Introduction to Bias and Variance

  • The lecture introduces the concepts of bias and variance within the context of machine learning, specifically focusing on classification and regression problems.
  • High bias indicates a significant error in both training and testing phases, suggesting that a very simple model is being used.
  • In contrast, high variance results in minimal training error but significant testing error due to the use of a complex model.

Understanding Overfitting and Underfitting

  • A balance between bias and variance is essential; models should neither be too simple (high bias) nor too complex (high variance).
  • The lecture illustrates how different model complexities affect training and testing errors using graphical representations.
  • Overfitting occurs with high variance where the model performs well on training data but poorly on unseen data, while underfitting arises from high bias.

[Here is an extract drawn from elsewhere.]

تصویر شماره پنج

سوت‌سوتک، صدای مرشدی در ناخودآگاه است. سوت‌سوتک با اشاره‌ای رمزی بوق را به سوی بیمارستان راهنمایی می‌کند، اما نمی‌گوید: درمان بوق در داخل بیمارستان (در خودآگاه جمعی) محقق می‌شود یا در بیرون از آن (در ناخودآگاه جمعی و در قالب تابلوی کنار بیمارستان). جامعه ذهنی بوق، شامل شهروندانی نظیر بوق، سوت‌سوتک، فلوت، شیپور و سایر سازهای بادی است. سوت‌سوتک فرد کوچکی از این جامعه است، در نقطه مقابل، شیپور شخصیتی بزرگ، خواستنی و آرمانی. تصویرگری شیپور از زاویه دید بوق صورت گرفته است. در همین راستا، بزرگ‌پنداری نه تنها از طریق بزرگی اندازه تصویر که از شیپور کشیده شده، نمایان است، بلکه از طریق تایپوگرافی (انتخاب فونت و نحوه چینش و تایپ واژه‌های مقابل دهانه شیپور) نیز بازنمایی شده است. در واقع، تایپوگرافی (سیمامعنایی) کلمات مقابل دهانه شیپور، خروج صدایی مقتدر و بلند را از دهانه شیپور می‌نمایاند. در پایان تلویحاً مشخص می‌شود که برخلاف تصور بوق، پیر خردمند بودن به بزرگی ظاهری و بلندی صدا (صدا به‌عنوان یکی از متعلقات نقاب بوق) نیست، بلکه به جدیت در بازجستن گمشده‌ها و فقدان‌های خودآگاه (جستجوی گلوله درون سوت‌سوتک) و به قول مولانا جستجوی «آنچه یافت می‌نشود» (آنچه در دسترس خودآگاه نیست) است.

Visual Representation of Bias and Variance

  • Graphical representation shows that as model complexity increases, training error decreases while testing error may increase due to overfitting.
  • The trade-off between underfitting (high bias) and overfitting (high variance) is emphasized; both scenarios are undesirable for effective modeling.

Decomposing Test Error

  • The generalization test error can be decomposed into three components: bias error, variance error, and irreducible error.
  • Bias error stems from incorrect assumptions about the model leading to systematic errors; high variance reflects sensitivity to fluctuations in training data.

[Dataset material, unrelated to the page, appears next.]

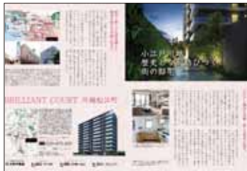
不動産・物件企画 「この街に住みたい」

Irreducible Error Explained

  • Irreducible error is attributed to inherent noise within the problem itself, independent of any modeling efforts.
  • This noise can arise from data quality issues or inaccuracies during data collection processes.

Objective of Balancing Bias and Variance

Understanding Overfitting and Underfitting in Machine Learning

Introduction to Class Problems

  • The discussion begins with a simple model that struggles with classification, resulting in numerous misclassifications due to an inadequate decision boundary.

Complex Models and Overfitting

  • A complex model is introduced, which performs poorly on unseen test data due to high error rates, illustrating the concept of overfitting.

Balancing Bias and Variance

  • The speaker emphasizes the need for a compromise between overfitting (high variance) and underfitting (high bias), highlighting the importance of finding a balanced decision boundary.
  • High bias leads to significant errors in both training and testing phases, while high variance results in minimal training error but substantial testing error.

Mathematical Formulation of the Problem

  • The problem is mathematically defined with one independent variable X and one dependent variable Y, where Y depends on X.

Noise in Data Modeling

  • The relationship is expressed as Y = f(X) + epsilon, indicating that noise (epsilon) affects the dependent variable. This noise has a mean of zero and variance sigma_epsilon^2.

Understanding Variance and Uncertainty

  • The magnitude of variance represents uncertainty about the underlying phenomenon being modeled.

Finding an Optimal Function

  • The goal is to find a function hatf that closely approximates the true function f, learned from training data by minimizing a loss function.

Loss Function: Mean Squared Error (MSE)

  • MSE is introduced as the loss function, aiming to minimize the average squared difference between predicted values (hatf(x)) and observed values (y).

Defining Bias in Predictions

  • Bias is mathematically defined as the difference between expected predictions across different training datasets and the true underlying function for unseen points.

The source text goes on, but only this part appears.